No question that there’s big value on offer at Cadence Minerals’ (KDNCAmapa iron ore project in Brazil. 

When the company optimized a pre-feasibility study on Amapa last year, the post-tax net present value was set at well over US$1.9 bn. 

What’s more, because it’s a brownfield site, capital costs are likely to be much lower than you’d expect from something completely new.  

The study also projected operating costs to be approximately US$34 per tonne FOB. So, with the DR Grade iron ore price currently at well over US$130, margins also appear very healthy.

Cadence only owns a 35% stake in Amapa, mind, so not all of the value will come its way. 

But even so, there does seem to be something of a disparity between the US$1.9 bn asset that Cadence has been steadily moving forward, and the £7 million valuation that the market currently attributes to the company.

Especially when you consider that Cadence’s investment in Amapa itself amounts to more than US$15 million.

But the mining markets are fickle. 

It looks like we’re just coming out of a prolonged bear market, and valuations across the board may start looking a bit more realistic as summer turns to autumn.

For Cadence, though, when the market does finally wake up to the true value of Amapa, it won’t just be a case of the company rising with all the other boats.

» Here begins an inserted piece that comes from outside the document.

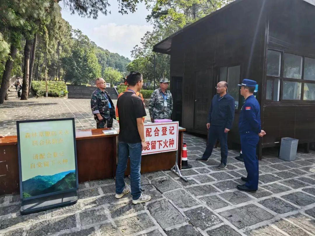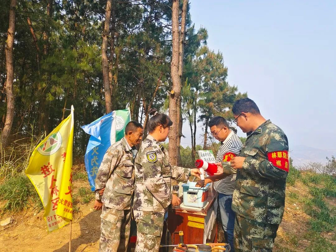 队伍严格巡山守卡点,护林防火不放松。充分发挥护林防火先锋队(护林员)作用,在入山路口和景区门口等共设置12个防火卡点,通过专人把守,严格巡山守卡点,严把“入山关”,对进入林区人员和车辆严格登记,严禁人员携带火源火种进入林区。“各位父老乡亲,进山上坟,不能烧香、烧火、烧纸钱。引发森林火灾是要坐牢的……”他们对每位进山人员,都不厌其烦地叮嘱防火和注意事项。同时,护林防火先锋队还深入坟山、重点林区、松山大战遗址纪念园、部分村庄等,开展防火知识宣传和火灾隐患排查,对排查出的隐患进行整改,主动防控,化解风险。

The re-rating is likely to be far more substantial than that.

After all, once fully operational, Amapa will be the largest employer in the state of Amapa and is likely to boost the state's GDP by between 4% and 10%.

It will produce over 5.8 million wet metric tonnes of high-grade iron ore per year, and depending on the iron ore price, hundreds of millions of dollars in cash flow.

Not that that’s going to happen overnight.

Instead, as Chief executive Kiran Morzaria explains, a smaller-scale, high-grade operation is planned first, and this is likely to generate between US$6 million and US$9 million in annual free cash flow.

It’s in this fashion that he hopes to bridge the valuation gulf between reality and expectation.

This initial smaller-scale operation will be based around an area of high-grade float material storage. From this material, it’s thought that an upgrade to an existing plant can produce a 65% iron pellet product. 

Morzaria is currently deep into discussions about securing the funding to get this plant refurbished, and although he’s not specific about the form the funding will take, it will likely have a substantial off-take component to it, and to involve minimal dilution to Cadence. 

 All told, this smaller-scale part of Amapa could be up and running within 12 months, producing around 400,000 tonnes per year of 65% iron ore product at a US$24 margin.

Recoveries won’t be too complicated, since the material has already been partly processed, and will be separated via magnetic separators and spirals.

But we’re not there yet.

“Our real drive is to get the financing done by September,” adds Morzaria. “We’re advancing well and circulating term sheets.”

If Cadence can get this smaller project going it will build credibility when it comes to getting the larger operation into production. 

“It shows locally and more broadly that we can execute,” says Morzaria. 

“This is an interim solution to show cashflow and show operations and demonstrate that Amapa is a place you can invest in and take things forwards."

And, in due course, the money generated by the smaller-scale project could be allocated towards detailed engineering studies for the larger project, while they continue to work on securing a trade partner to provide the necessary balance sheet to develop the larger project.

That would certainly be a sensible and straightforward way forward, and one which the Cadence team now looks well set up to start delivering.